Was haben Sie außerdem vor?
Es wird einen Dokumentarfilm geben. Darüber wollen wir weitere Sponsoren und Menschen finden, die das Projekt dauerhaft unterstützen. So soll die Liga professioneller werden. Wir könnten den Platz begradigen, anständige Tore aufstellen und richtige Linien ziehen. Und wenn wir weiter spinnen – und das ist gar nicht so unrealistisch, weil das ganze Jahr schon so verrückt war – kann ich mir vorstellen, dass unser Team richtig hochklassig spielt. Ich glaube, da kommt noch ganz viel auf uns zu. Außerdem möchten wir Kindermannschaften gründen und auch die Mädchen aus den Dörfern in die Vereine integrieren.
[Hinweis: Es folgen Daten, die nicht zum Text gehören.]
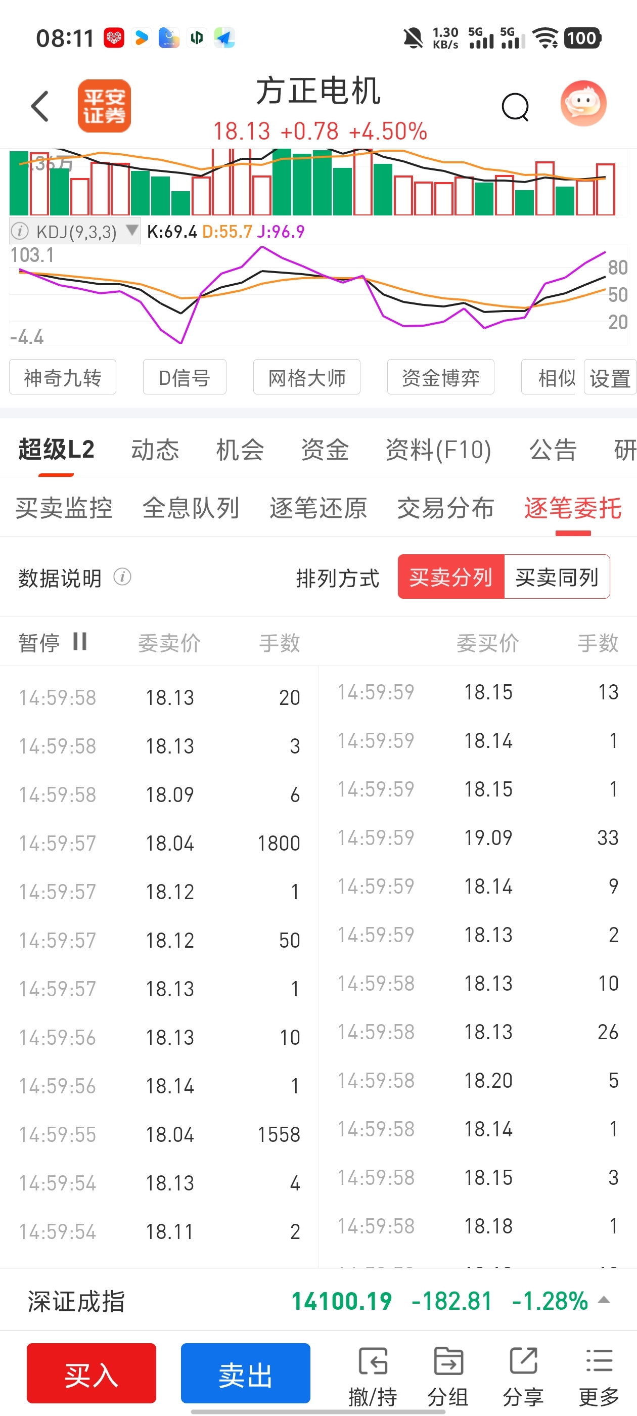 $方正电机(SZ002196)$ 尾盘卖出近万手
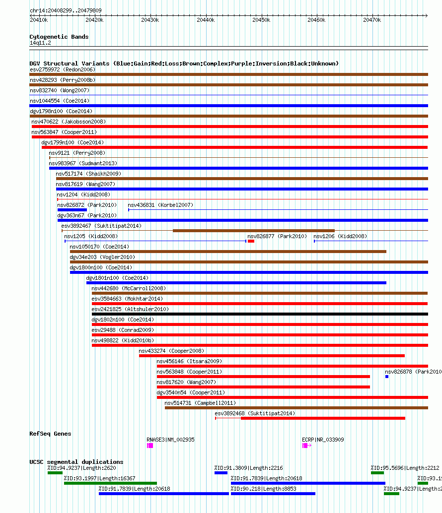 | Variant Type | CNV gain+loss | Copy Number | | Allele State | | Allele Origin | | Probe Count | | Validation Flag | | Merged Status | M | Merged Variants | dgv1798n100 | Supporting Variants | nssv3530730, nssv3530729 | Samples | | Known Genes | ECRP, RNASE3 | Method | SNP array | Analysis | Affymetrix SNP array copy number analysis | Platform | Affymetrix SNP Array 6.0 | Comments | | Reference | Coe_et_al_2014 | Pubmed ID | 25217958 | Accession Number(s) | nsv1036728
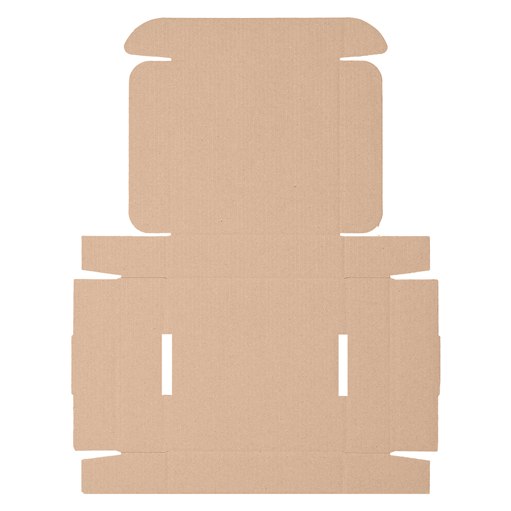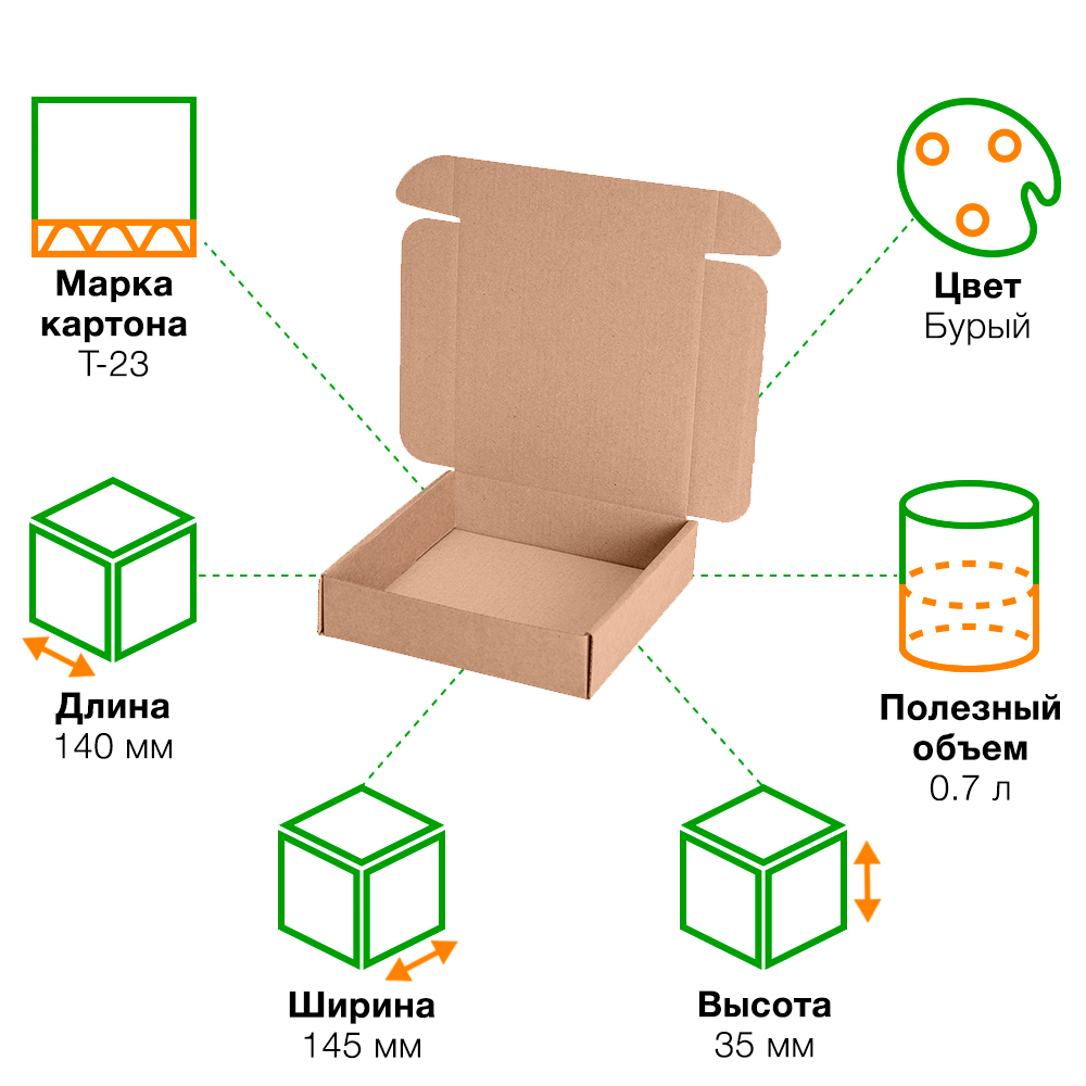 Короб КС-619 МГК, серии КС-600, бурый, длиной 140 мм, шириной 145 мм и высотой 35 мм. Изготовлен из микрогофрокартона Т-23. Полезный объём — 0.7 л.
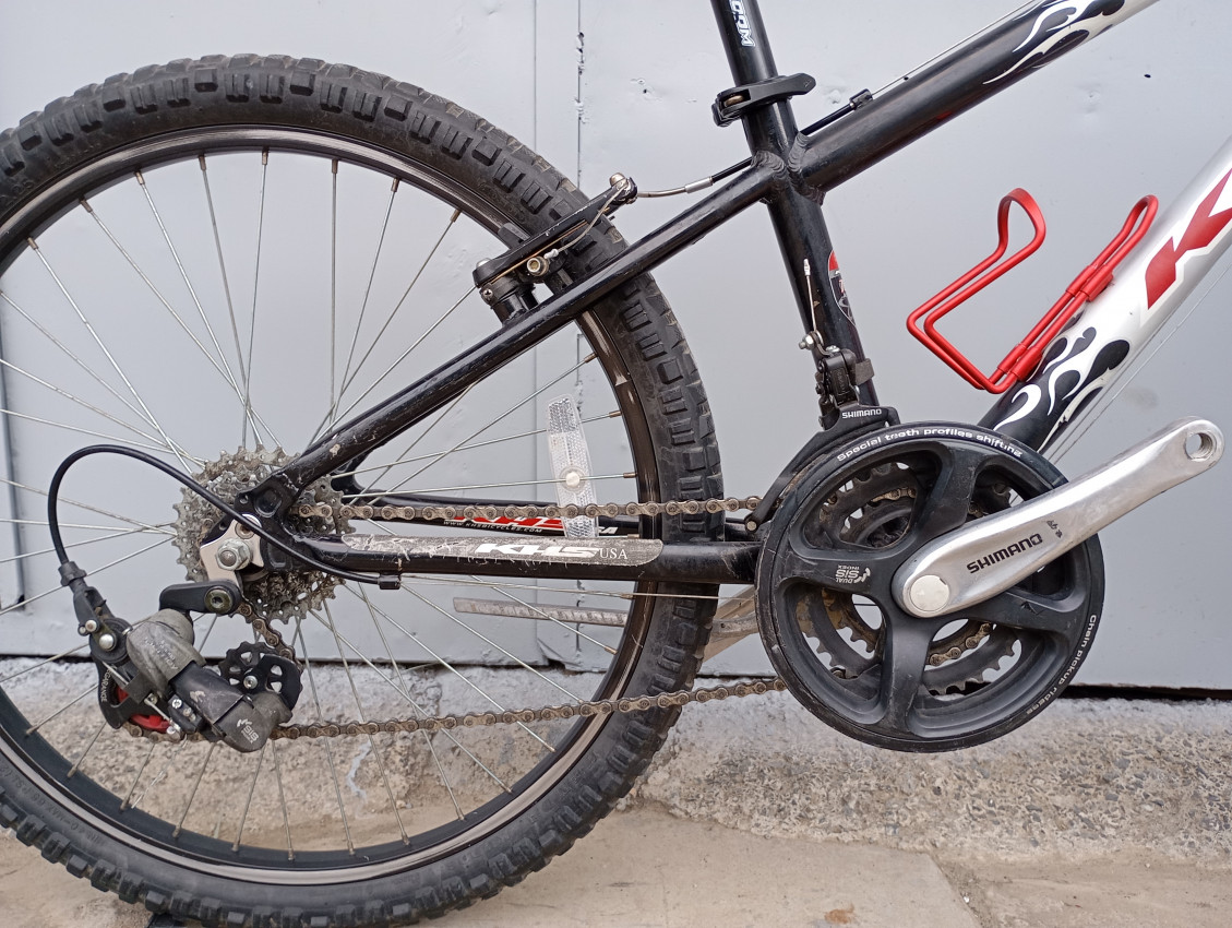 High quality used mountain bike. Wheel size 24 Frame material aluminium. Gear system 3x7 speed with grip shifters. Cog type freewheel. Other features: front threadless suspension fork.
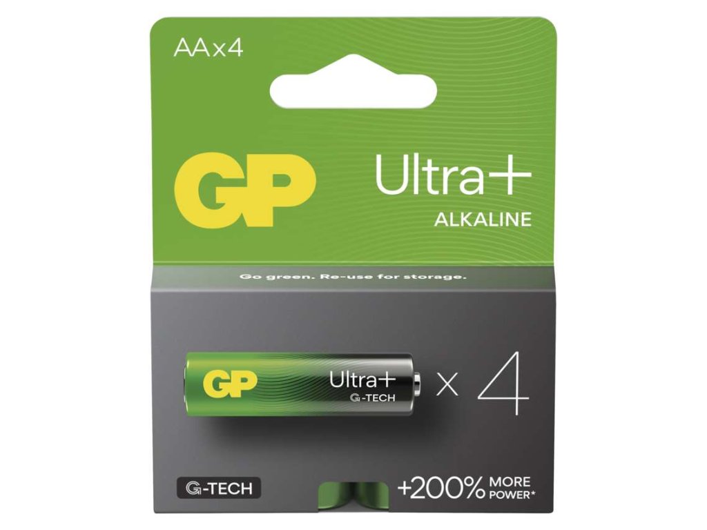 Nová řada baterií GP Ultra plus nabízí širokou škálu všech velikostí, včetně AA, AAA, C, D a 9 V, takže jsou vhodné pro všechny druhy elektronických přístrojů, které potřebují baterie.

Fliegen Sie nochmal nach Malawi?
Ja. Aber es ist ein Selbstläufer inzwischen. Die erste Saison ging Mitte November zu Ende, der erste Meister ist der FC Misanjo. Sie bekommen von uns einen eigenen Trikotsatz im Arsenal-Design, das war ihr expliziter Wunsch. Die zweite Saison ist Anfang März losgegangen, weil die Regenzeit jetzt vorbei ist.